Mit der Südamerika- Tour des deutschen Kanzlers Scholz kam unerwartet das sogenannte Mercosur- Abkommen wieder ins Gespräch. Eigentlich ist es ja das EU- Freihandelsabkommen mit den sogenannten Mercosur- Staaten Südamerikas. Wobei Mercosur (Mercado Comun del Sur – Gemeinsamer Markt des Südens) eben ein gemeinsamer Markt ist; dessen Mitgliedsstaaten sind  Argentinien, Brasilien, Paraguay, Uruguay und Venezuela, wobei Venezuela seit 2016 dauerhaft suspendiert ist. Mit diesem Staatenbund und zugleich einer der größten Wirtschaftsgemeinschaften der Welt steht also die EU in Verhandlungen über ein Freihandelsabkommen. Dieses Abkommen ist ja mehr oder weniger ausverhandelt, aber der Teufel steckt halt, wie so oft, im Detail. Seit 2019 gibt es eine grundsätzliche Einigung, aber noch ist nichts ratifiziert. Und genau deswegen drängte Scholz auf seiner ersten Station in Südamerika, in Argentinien, auf einen schnellen Abschluss. Auf einer gemeinsamen Pressekonferenz mit dem argentinischen Präsidenten in Buenos Aires sagte er, um eine Vertiefung der Handelsbeziehungen bemüht: „Wir wollen deswegen auch unseren strategischen Dialog zur Energiepolitik weiter fortsetzen … Das gilt zum Beispiel auch für die Nutzung von Flüssiggas LNG“. Er ist ja auch deswegen in Südamerika, um die Abhängigkeit Deutschlands von China bei Rohstoffen zu reduzieren und Argentinien könnte ein Lieferant von Flüssiggas für Deutschland und für die EU werden, außerdem gibt es in Argentinien große Lithium- Vorkommen. Ein Rohstoff, ohne den es keine E- Autos geben würde. Ursprünglich ging es bei diesem
Abkommen, vereinfacht gesagt, um Rindfleisch gegen europäische Autos, aber der Ukraine- Krieg hat vieles verändert.

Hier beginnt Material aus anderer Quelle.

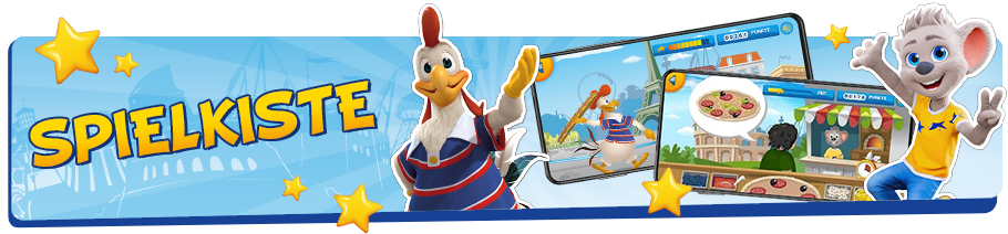 Mit der kostenlosen App „Spielkiste“ gibt es ausgewählte JUNIOR CLUB Spiele auch für unterwegs. Die App bietet eine kindgerechte Auswahl beliebter Spiele und bringt den Spielspaß auf Smartphone oder Tablet.

  Beim Mercosur- Abkommen spießt es sich aber weiterhin. Einer der Streitpunkte ist die Forderung der EU, dass Brasilien konkrete Zusagen zum Schutz des Amazonas- Regenwaldes machen muss. Die gibt es bis jetzt nicht; nur vage Versprechen. Das war unter dem abgewählten brasilianischen Präsidenten Bolsonaro so und das scheint unter dem neuen Präsidenten Lula da Silva bis jetzt nicht anders zu sein. Der sagte zwar: „Das Abkommen mit der EU ist dringend notwendig“, aber eine Unterschrift gibt es trotzdem nicht. Und es gibt auch Unstimmigkeiten innerhalb der südamerikanischen Mercosur- Staaten. Uruguays Präsident z. B. kündigte an, sein Land für wirtschaftliche Beziehungen mit China zu öffnen. Einer Öffnung China gegenüber ist aber auch der brasilianische Präsident nicht ganz abgeneigt. Trotzdem sagte er in einem Gespräch mit Scholz: „Wir werden versuchen, den Europäern zu zeigen, wie flexibel wir sind. Und wir wollen, dass die Europäer uns zeigen, wie flexibel sie sind“. Also weiterhin keine fixe Zusage, obwohl Lula da Silva fordert, dass das Abkommen schnell in Kraft tritt.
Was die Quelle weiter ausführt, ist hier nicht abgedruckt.